In the case where an inorganic hard filler is used as a hollow filler, if the hard filler is added in such an adjusted amount as to enable desired reduction of a heat conductivity, a hardness of the pressure roller becomes excessively large. As a result, a fixing nip width with which a satisfactory fixing property is achieved cannot be obtained.
In the case where a hollow filler having elasticity by itself (i.e., a resin hollow balloon) is used, the resin hollow balloon is broken during use (endurance). As a result, problems such as compression set and reduction of hardness during endurance would be caused.
In consideration of the above-mentioned problems, a method of producing a foam, which enables a finely foamed cell without using a hollow filler, is disclosed in Japanese Patent Application Laid-open No. 2002-114860.
This method includes mixing a water-absorbing polymer containing water in silicone rubber and evaporating a water content at the time of heat-curing the rubber so as to form a foamed cell (bubble) in a silicone rubber elastic layer (hereinafter, the method is referred to as “water evaporation foaming method”). This method has advantages that a foamed cell size can be controlled by varying a particle diameter of the water-absorbing polymer in a powder form and a content of the water, so that a fine cell can be obtained.
A pressure roller obtained by the water evaporation foaming method exhibits an extremely high open-cell rate, in the case of suppressing the heat conductivity of the elastic layer, although it depends on a blending amount of a water-absorbing polymer. In the case of a foam using a water-absorbing polymer, since a cell is formed by evaporation of the water content in a heat-curing process, the cell in the obtained foam does not have a wall such as that of a hollow filler. Since the cell itself does not have a wall, an increase of the blending amount of the water-absorbing polymer results in that the cells after heat-curing are coupled to each other to have an open-cell property. If an expansion ratio of the foam is increased in order to further reduce heat conductivity, a border portion amount of the foamed cells becomes thin and the foam exhibits a high open-cell rate, thereby causing a functional deterioration such as deterioration of impact resilience which is inherent in rubber.

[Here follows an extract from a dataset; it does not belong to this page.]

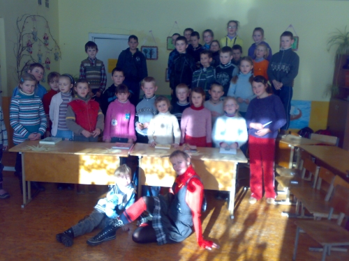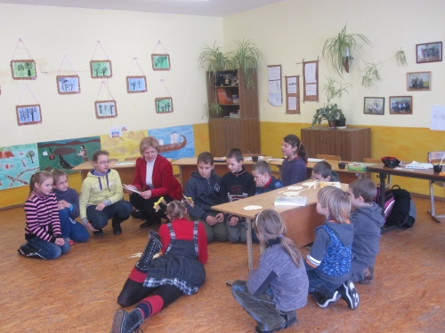 Mokykloje mane sutiko būrys vaikučių. Labai apsidžiaugiau, kad jie iš karto suprato iš kokios aš pasakos ir dar labiau nustebau, nes apie mane kai kurie mokinukai buvo jau daug skaitę ir girdėję. Visi susėdome grupelėmis ratu ir pasinėrėme į knygų pasaulį, kuriame patyrėme įdomių, gražių, stebuklingų ir nepakartojamų nuotykių.
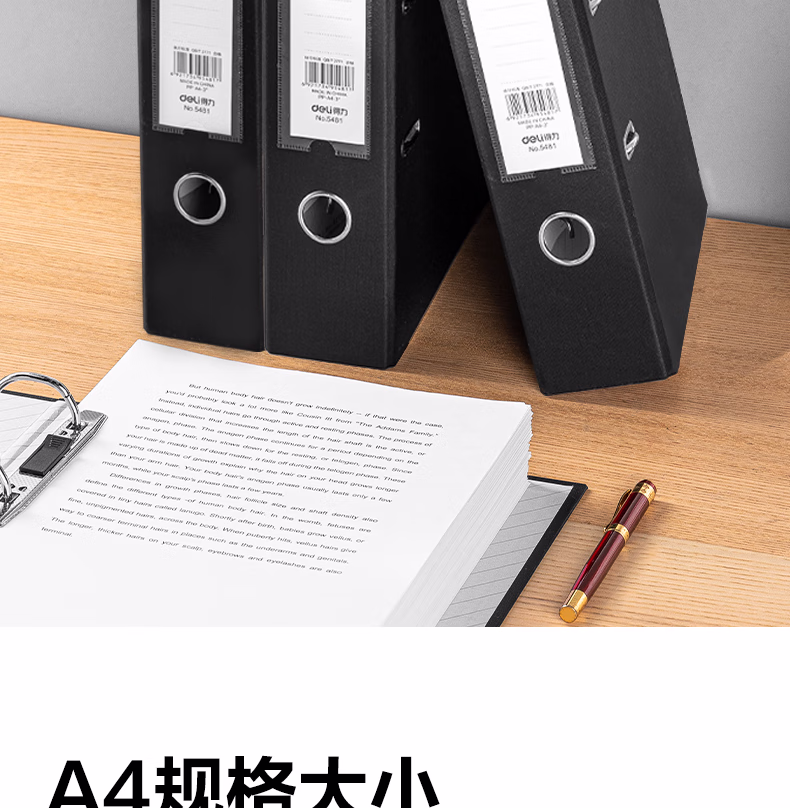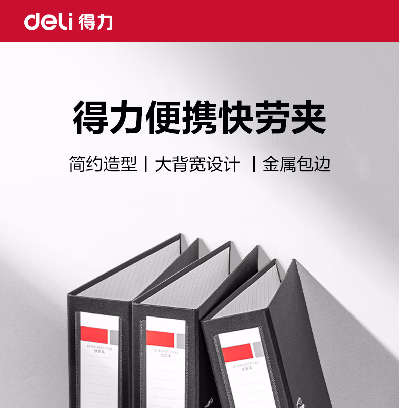 > 得力(deli) A4/3英寸带孔文件夹快劳夹办公文件资料收纳夹单只装 5481黑色

In the case where a low heat capacity film unit is used as a unit opposing a pressure roller, in order to simplify an apparatus structure, only a regulating member mounted on each of left and right sides of a fixing film regulates displacement of the fixing film in a left or right direction. As a result, if a pressure roller having deteriorated impact resilience (i.e., grip) is used, the regulating property for suppressing the displacement of the fixing film in the left or right direction also deteriorates. As a result, the rupture of the end portion of the fixing film of the item (2) would be caused.